» **Required work**
Reproduction of part of the material below, pictures omitted: copy exactly, and only, the lines starting with the one with "Menjaga daya beli" and going on through the one with "5 Total Includes: Disney".

» **The data**
• • • •

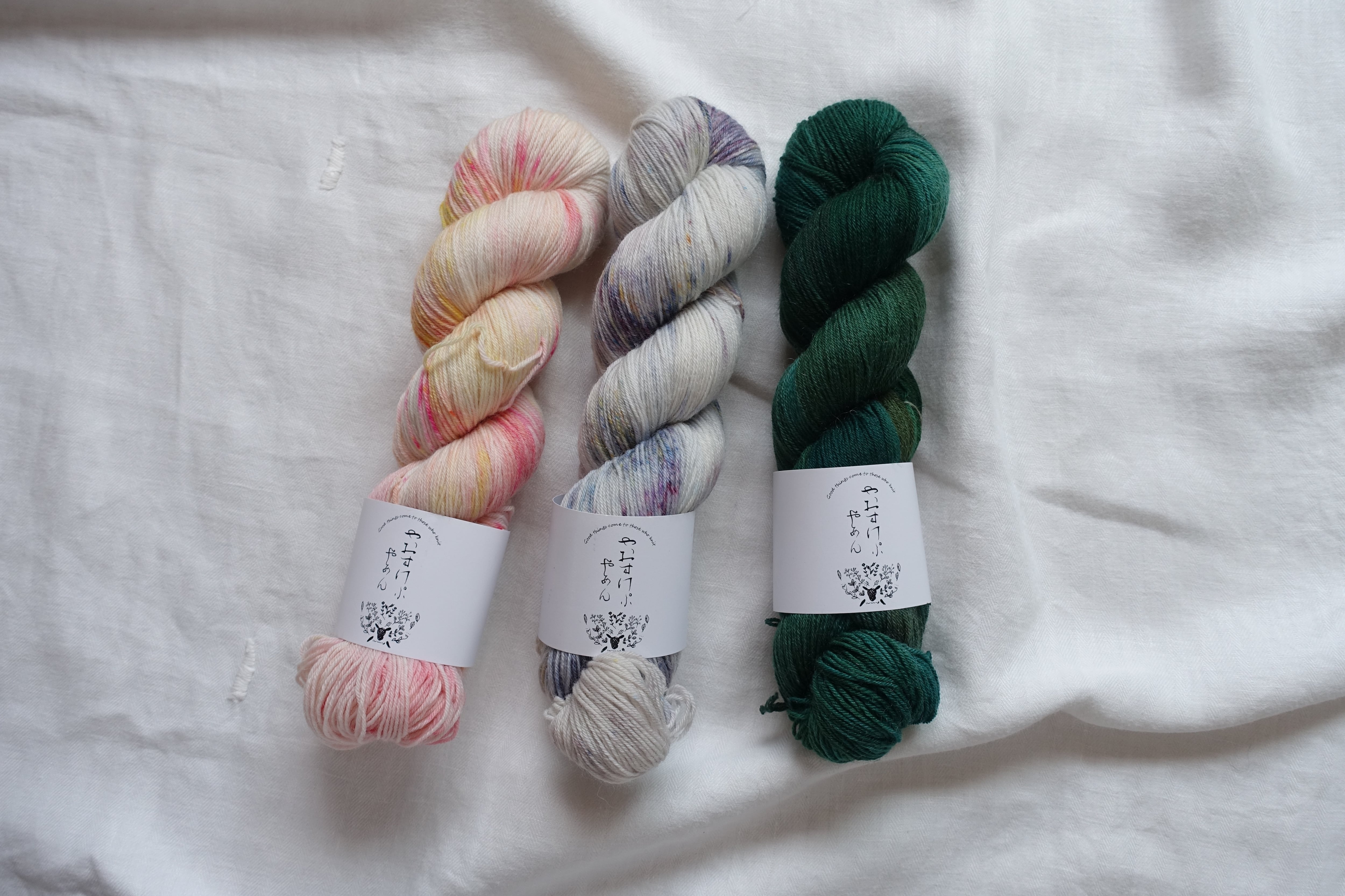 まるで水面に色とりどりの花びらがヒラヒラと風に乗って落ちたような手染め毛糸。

• • • •

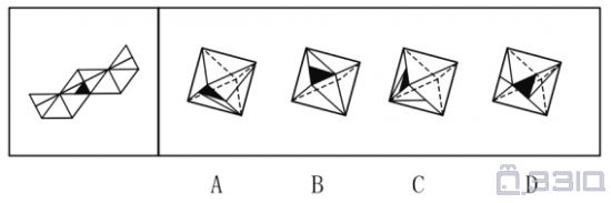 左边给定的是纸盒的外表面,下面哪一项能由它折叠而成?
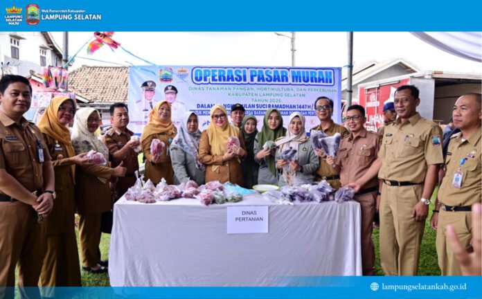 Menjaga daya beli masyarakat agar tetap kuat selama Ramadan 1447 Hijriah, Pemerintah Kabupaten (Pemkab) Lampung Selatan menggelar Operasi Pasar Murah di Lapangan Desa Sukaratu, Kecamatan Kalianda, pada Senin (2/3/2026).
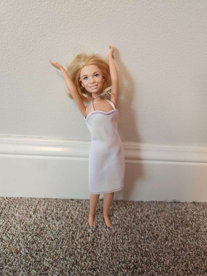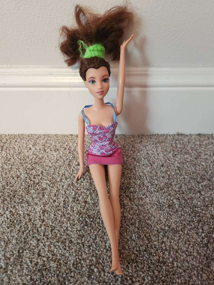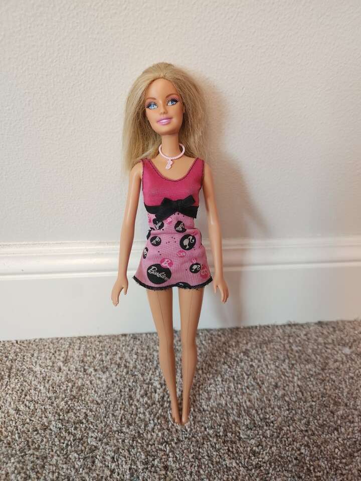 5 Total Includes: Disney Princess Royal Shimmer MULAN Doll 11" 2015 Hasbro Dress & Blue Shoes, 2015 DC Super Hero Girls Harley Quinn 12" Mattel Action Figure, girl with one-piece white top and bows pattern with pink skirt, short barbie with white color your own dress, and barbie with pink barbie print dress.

• • • •

» **Reply**
 Menjaga daya beli masyarakat agar tetap kuat selama Ramadan 1447 Hijriah, Pemerintah Kabupaten (Pemkab) Lampung Selatan menggelar Operasi Pasar Murah di Lapangan Desa Sukaratu, Kecamatan Kalianda, pada Senin (2/3/2026).
 5 Total Includes: Disney Princess Royal Shimmer MULAN Doll 11" 2015 Hasbro Dress & Blue Shoes, 2015 DC Super Hero Girls Harley Quinn 12" Mattel Action Figure, girl with one-piece white top and bows pattern with pink skirt, short barbie with white color your own dress, and barbie with pink barbie print dress.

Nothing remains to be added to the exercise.